▶ [Data to examine]:
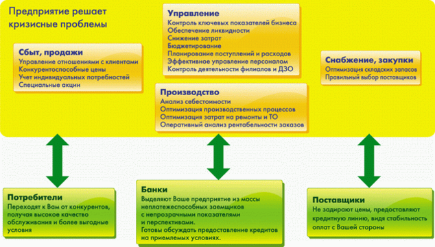Многие предприятия, подвергшиеся шоковому воздействию кризисных факторов, остро нуждаются в срочных мерах по выходу из сложившейся ситуации с минимальными потерями. Другие предприятия, в меньшей степени, чем конкуренты, испытавшие на себе влияния кризиса, стремятся принять срочные меры для получения конкурентных преимуществ и увеличения рыночной доли. Пересматриваются стратегии, тактики и задачи, возлагаемые на службы предприятия, в том числе на информационное обеспечение решаемых задач.
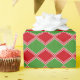 Roligtens "svettningsstygn" ser ut som julen mönster i rött och grönt diamant mönster gör ett enkelt men attraktivt presentband.
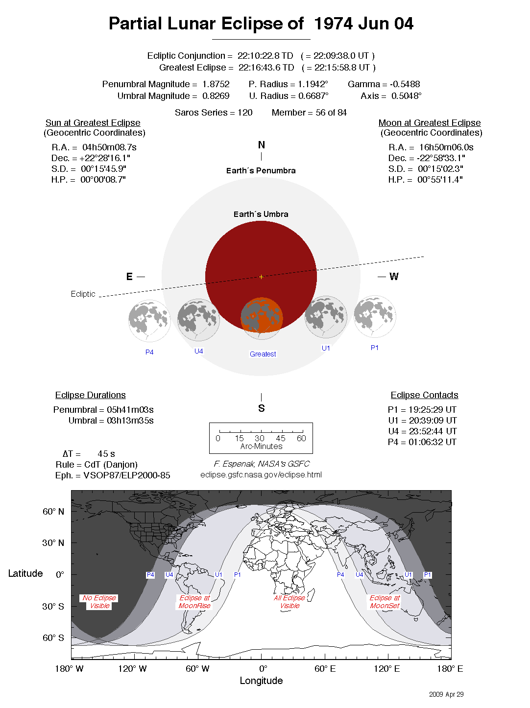 The tables below contain detailed predictions and additional information on the Partial Lunar Eclipse of 1974 Jun 04 .
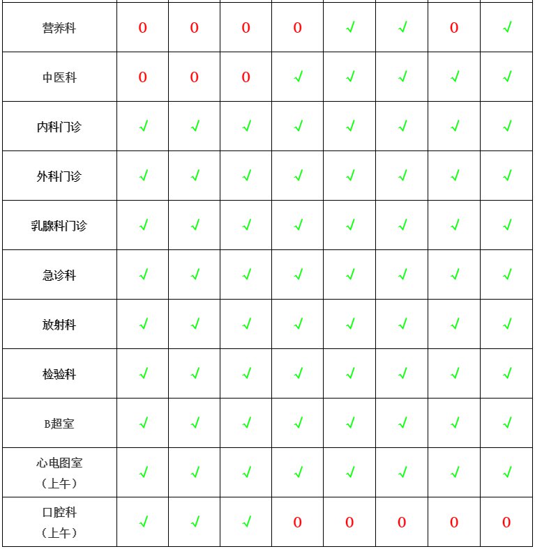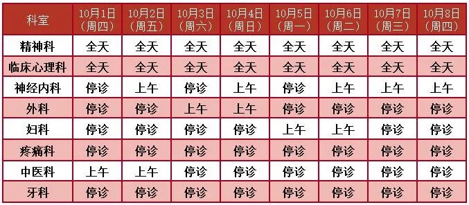 妇科、皮肤科、中医骨伤科、中医理疗科、中医科、体检中心10月1日—10月8日(中秋国庆假期)停诊。
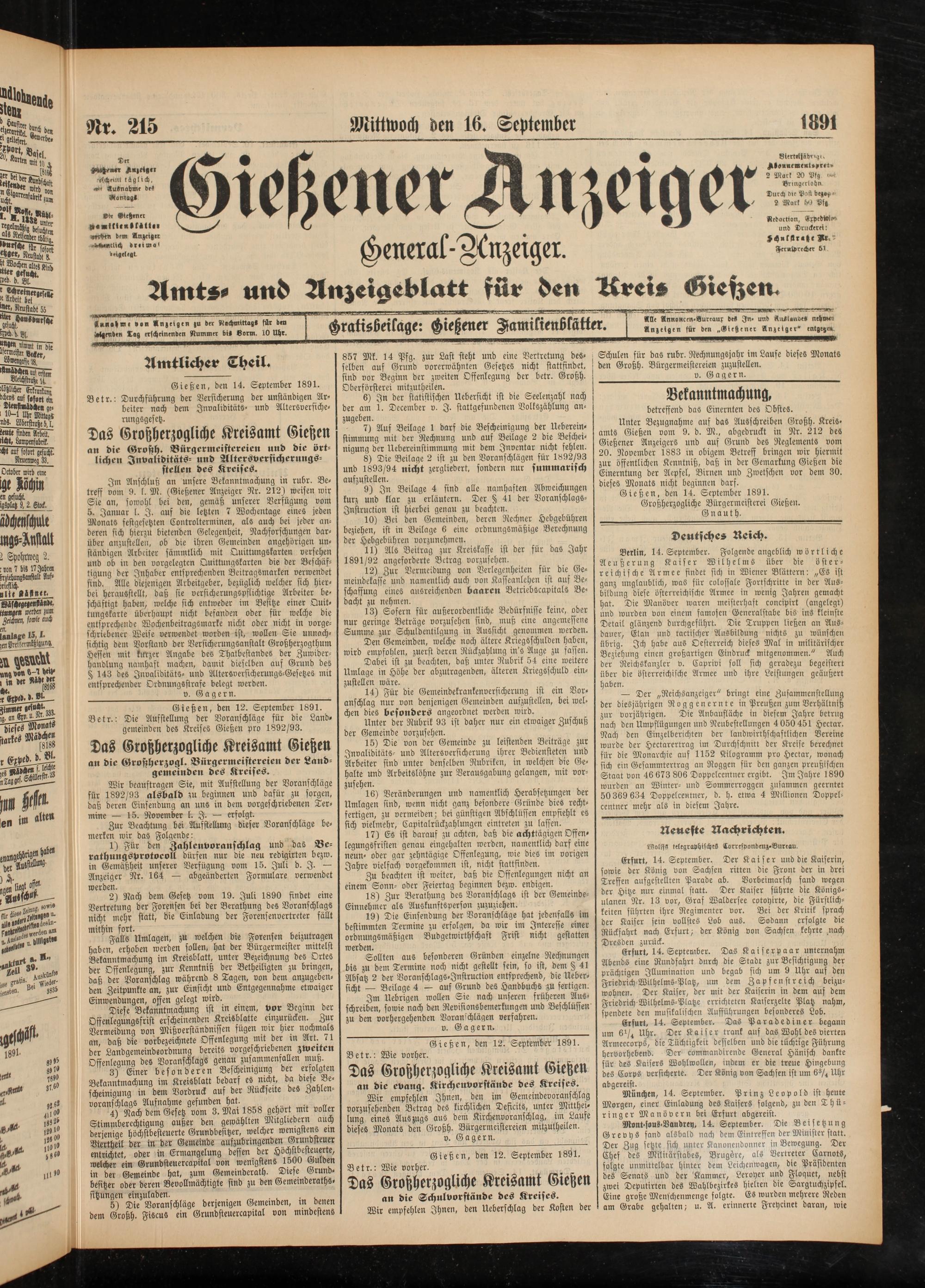 Gießen, den 14. September 1891. Betr.: Durchführung der Versicherung der unständigen Arbeiter nach dem Jnvaliditäts- und Altersversiche- mngsgesetz.
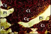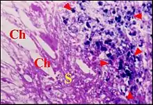 L'invasion ossiculaire par des tissus extraosseux (étrangers) provenant de l'oreille moyenne est facilitée non seulement par l'ostéolyse mais aussi, et surtout, par la continuité existant entre le stroma de la caisse ou du cholestéatome et les espaces péri-vasculaires. Il n'a pas été observé d'épithélium malpighien cholestéatomateux inclus.
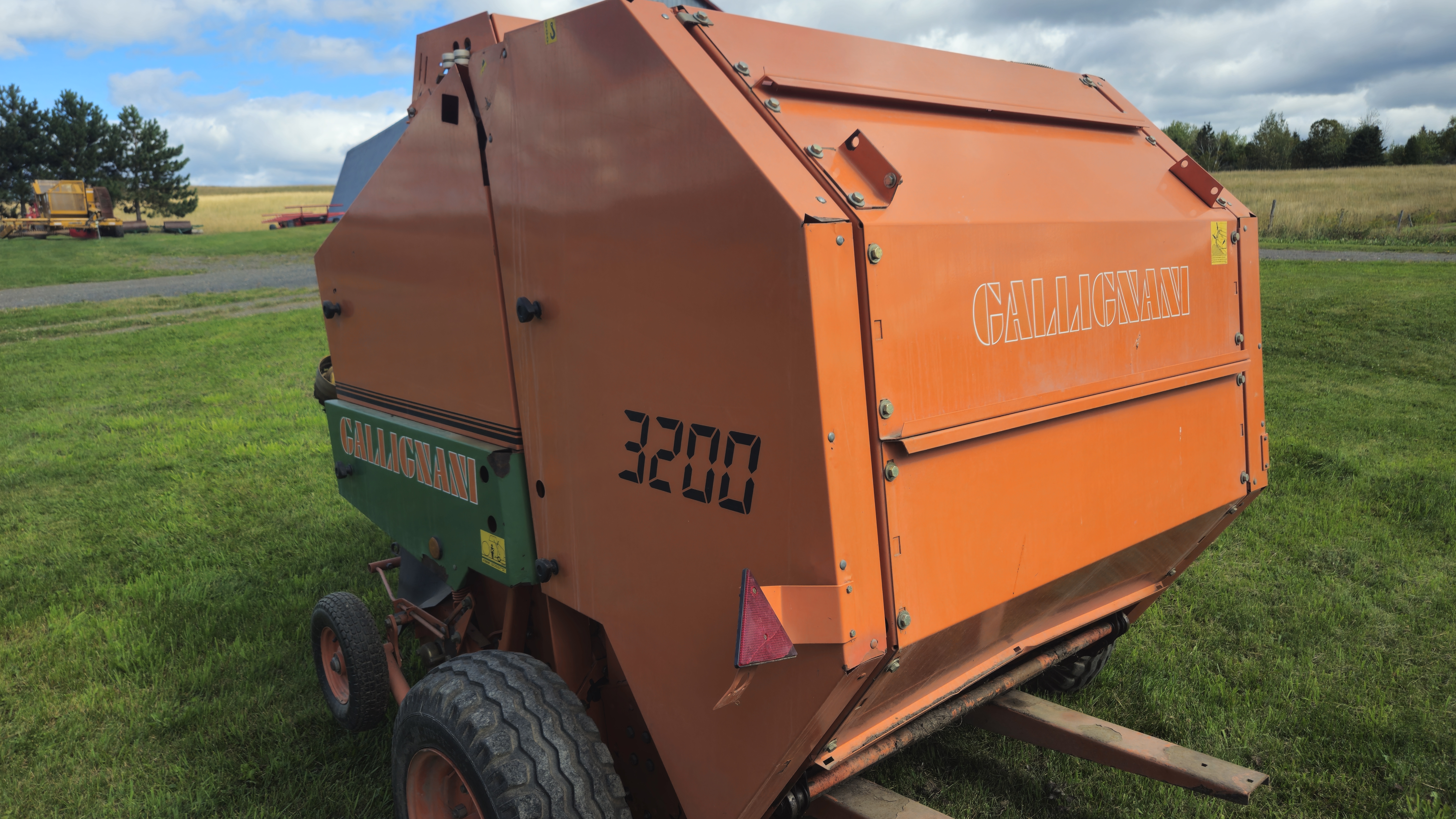 | Informations supplémentaires : Presse à balles rondes Gallignani 3200 Chambre fixe de 48 pouces à chaine Ramasseur standard de 48 pouces Attacheur à corde Dents et garde panier inclus |

▶ [What you will do]: Output every line of the records exactly, excluding all pictures.

▶ [Written reply]:
Многие предприятия, подвергшиеся шоковому воздействию кризисных факторов, остро нуждаются в срочных мерах по выходу из сложившейся ситуации с минимальными потерями. Другие предприятия, в меньшей степени, чем конкуренты, испытавшие на себе влияния кризиса, стремятся принять срочные меры для получения конкурентных преимуществ и увеличения рыночной доли. Пересматриваются стратегии, тактики и задачи, возлагаемые на службы предприятия, в том числе на информационное обеспечение решаемых задач.
 Roligtens "svettningsstygn" ser ut som julen mönster i rött och grönt diamant mönster gör ett enkelt men attraktivt presentband.
 The tables below contain detailed predictions and additional information on the Partial Lunar Eclipse of 1974 Jun 04 .
 妇科、皮肤科、中医骨伤科、中医理疗科、中医科、体检中心10月1日—10月8日(中秋国庆假期)停诊。
 Gießen, den 14. September 1891. Betr.: Durchführung der Versicherung der unständigen Arbeiter nach dem Jnvaliditäts- und Altersversiche- mngsgesetz.
 L'invasion ossiculaire par des tissus extraosseux (étrangers) provenant de l'oreille moyenne est facilitée non seulement par l'ostéolyse mais aussi, et surtout, par la continuité existant entre le stroma de la caisse ou du cholestéatome et les espaces péri-vasculaires. Il n'a pas été observé d'épithélium malpighien cholestéatomateux inclus.
 | Informations supplémentaires : Presse à balles rondes Gallignani 3200 Chambre fixe de 48 pouces à chaine Ramasseur standard de 48 pouces Attacheur à corde Dents et garde panier inclus |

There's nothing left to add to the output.